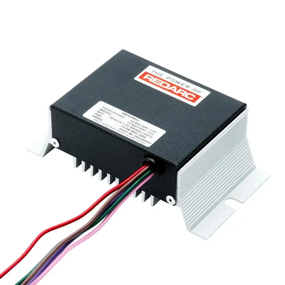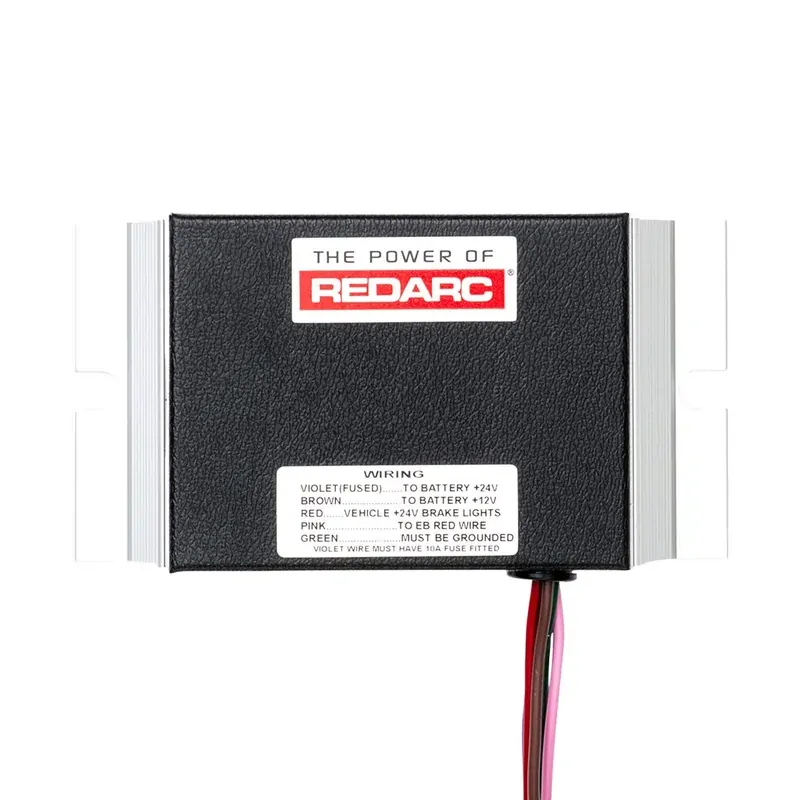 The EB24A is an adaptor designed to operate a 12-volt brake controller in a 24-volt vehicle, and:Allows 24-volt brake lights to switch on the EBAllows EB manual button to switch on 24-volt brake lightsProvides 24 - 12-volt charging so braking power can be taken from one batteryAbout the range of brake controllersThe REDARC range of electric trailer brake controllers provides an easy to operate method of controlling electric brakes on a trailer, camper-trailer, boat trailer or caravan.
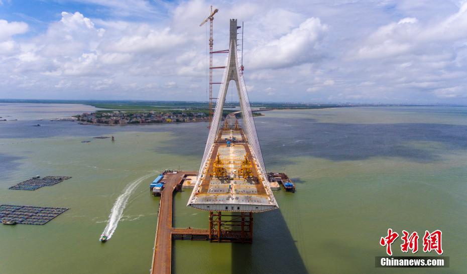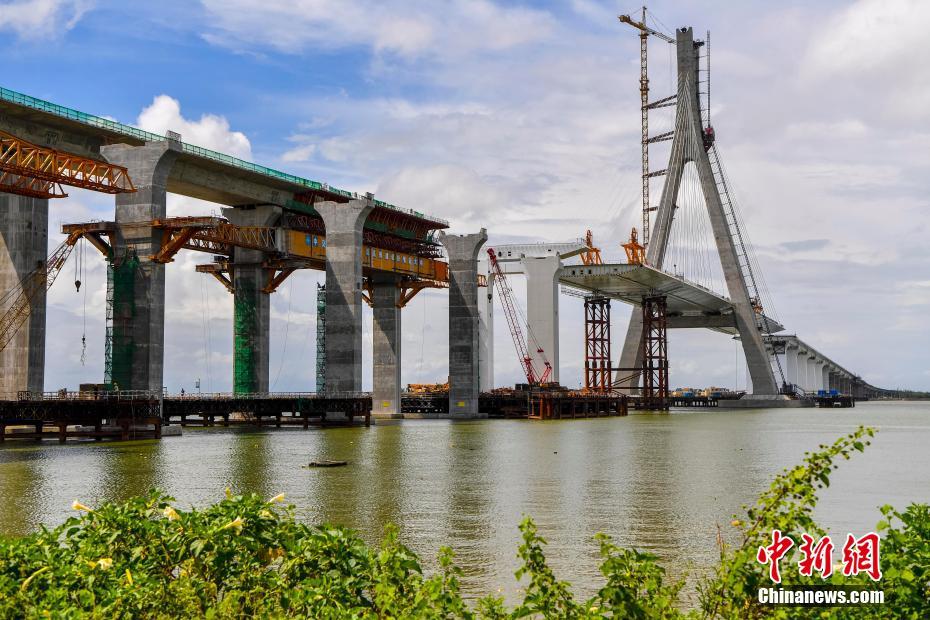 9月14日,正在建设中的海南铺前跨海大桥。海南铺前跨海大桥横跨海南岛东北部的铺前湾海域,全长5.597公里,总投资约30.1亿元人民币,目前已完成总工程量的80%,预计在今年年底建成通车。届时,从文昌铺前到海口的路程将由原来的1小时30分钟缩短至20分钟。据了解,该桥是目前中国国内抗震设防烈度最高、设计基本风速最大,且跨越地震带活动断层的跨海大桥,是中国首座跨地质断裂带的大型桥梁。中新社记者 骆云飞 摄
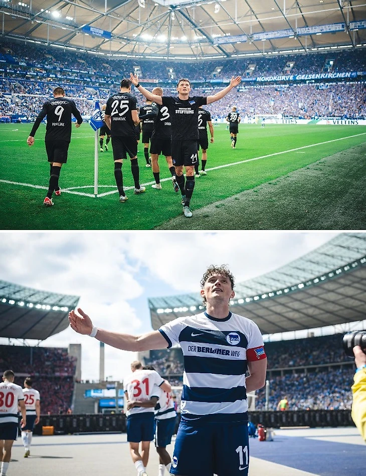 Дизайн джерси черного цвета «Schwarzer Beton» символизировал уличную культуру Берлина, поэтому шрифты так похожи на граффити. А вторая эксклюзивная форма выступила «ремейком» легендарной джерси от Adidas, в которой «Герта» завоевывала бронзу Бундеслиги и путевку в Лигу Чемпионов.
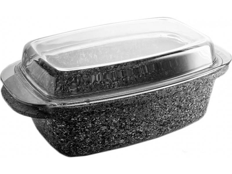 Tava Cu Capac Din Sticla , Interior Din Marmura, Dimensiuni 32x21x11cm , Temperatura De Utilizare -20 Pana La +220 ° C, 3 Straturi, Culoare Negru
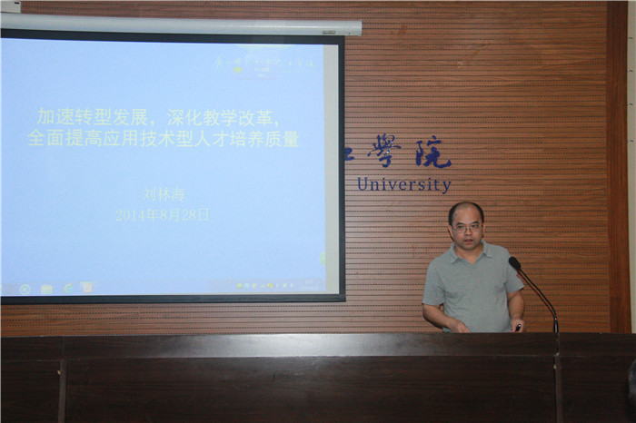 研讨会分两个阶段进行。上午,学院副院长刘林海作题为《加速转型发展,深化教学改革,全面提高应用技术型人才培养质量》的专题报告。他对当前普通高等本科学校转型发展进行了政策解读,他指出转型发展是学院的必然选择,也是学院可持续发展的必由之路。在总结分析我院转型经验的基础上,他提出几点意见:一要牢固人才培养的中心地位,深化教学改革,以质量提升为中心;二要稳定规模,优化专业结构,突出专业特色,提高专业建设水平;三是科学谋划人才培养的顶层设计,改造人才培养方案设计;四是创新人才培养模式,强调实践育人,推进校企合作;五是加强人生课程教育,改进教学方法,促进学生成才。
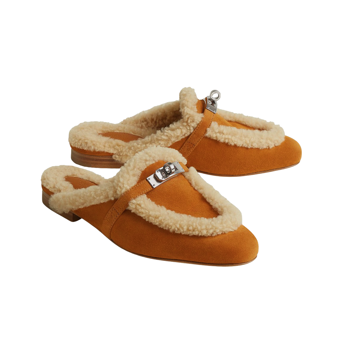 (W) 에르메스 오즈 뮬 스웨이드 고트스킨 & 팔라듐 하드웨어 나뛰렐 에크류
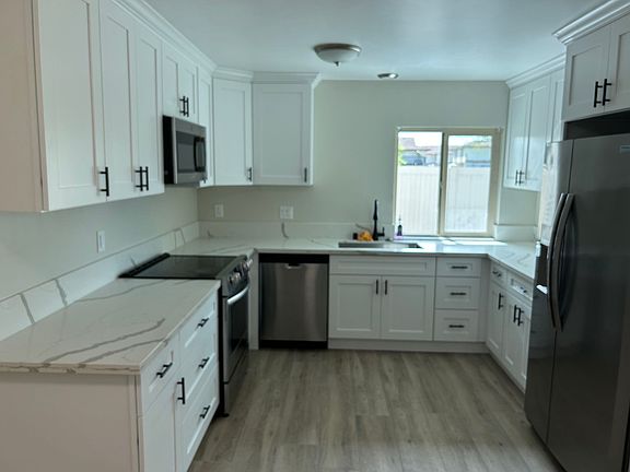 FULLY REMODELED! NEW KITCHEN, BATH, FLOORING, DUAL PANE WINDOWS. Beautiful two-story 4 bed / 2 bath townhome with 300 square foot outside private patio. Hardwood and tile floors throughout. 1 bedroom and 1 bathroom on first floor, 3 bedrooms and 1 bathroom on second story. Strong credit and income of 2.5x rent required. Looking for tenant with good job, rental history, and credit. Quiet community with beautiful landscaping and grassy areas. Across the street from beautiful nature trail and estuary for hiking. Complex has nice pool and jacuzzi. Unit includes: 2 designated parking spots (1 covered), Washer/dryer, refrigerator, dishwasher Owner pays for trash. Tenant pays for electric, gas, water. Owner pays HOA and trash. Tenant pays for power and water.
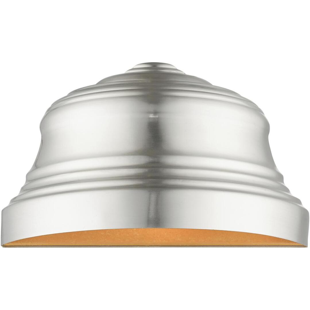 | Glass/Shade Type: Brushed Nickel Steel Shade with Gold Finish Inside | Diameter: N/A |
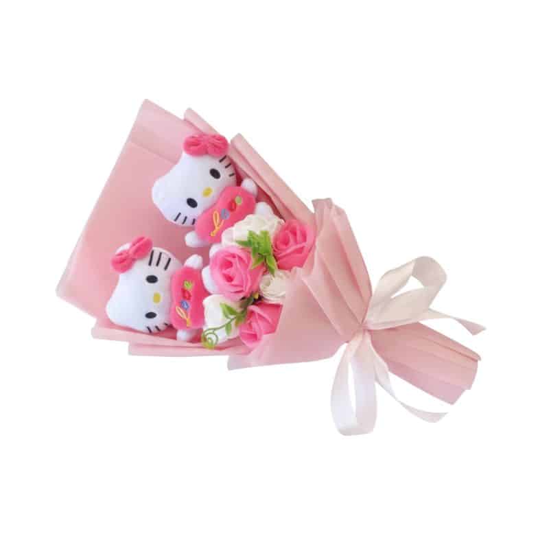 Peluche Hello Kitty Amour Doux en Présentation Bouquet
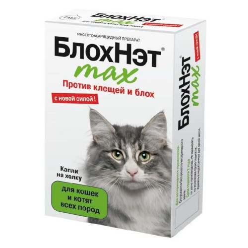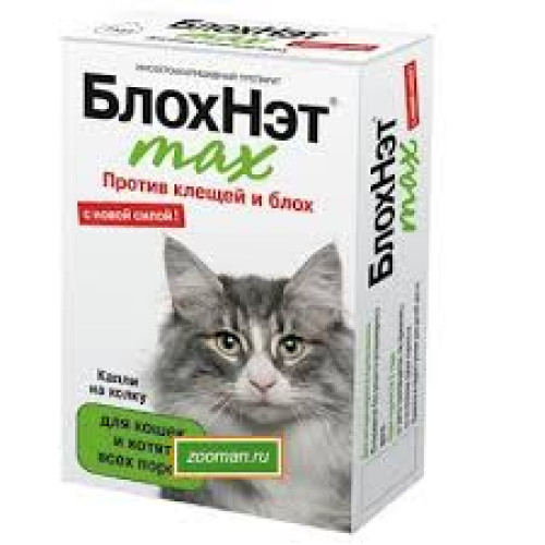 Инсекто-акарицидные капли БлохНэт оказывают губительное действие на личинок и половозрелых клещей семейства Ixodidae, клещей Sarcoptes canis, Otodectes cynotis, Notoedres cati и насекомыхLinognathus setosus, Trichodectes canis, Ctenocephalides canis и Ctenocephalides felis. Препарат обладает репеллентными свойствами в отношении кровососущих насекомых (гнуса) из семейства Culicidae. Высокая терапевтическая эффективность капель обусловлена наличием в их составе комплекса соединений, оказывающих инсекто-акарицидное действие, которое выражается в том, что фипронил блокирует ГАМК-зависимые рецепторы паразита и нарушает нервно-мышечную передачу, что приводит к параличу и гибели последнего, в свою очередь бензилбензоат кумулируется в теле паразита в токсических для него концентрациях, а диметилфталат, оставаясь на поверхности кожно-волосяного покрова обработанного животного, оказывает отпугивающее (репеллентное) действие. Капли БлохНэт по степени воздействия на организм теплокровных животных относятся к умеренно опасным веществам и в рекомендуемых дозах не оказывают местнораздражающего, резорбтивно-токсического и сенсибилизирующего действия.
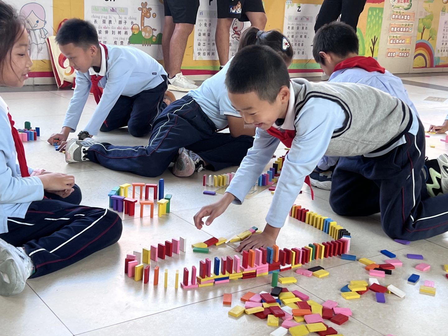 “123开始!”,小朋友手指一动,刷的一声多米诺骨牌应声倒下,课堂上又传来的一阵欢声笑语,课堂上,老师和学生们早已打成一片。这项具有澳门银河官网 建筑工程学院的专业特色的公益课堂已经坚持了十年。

**Your objective:**
In the records above, everything from the line with "Diameter: N/A |" down to the line with "Peluche Hello Kitty" is to be set down exactly, both ends included, with no pictures and no other lines.

**Exercise output:**
 | Glass/Shade Type: Brushed Nickel Steel Shade with Gold Finish Inside | Diameter: N/A |
 Peluche Hello Kitty Amour Doux en Présentation Bouquet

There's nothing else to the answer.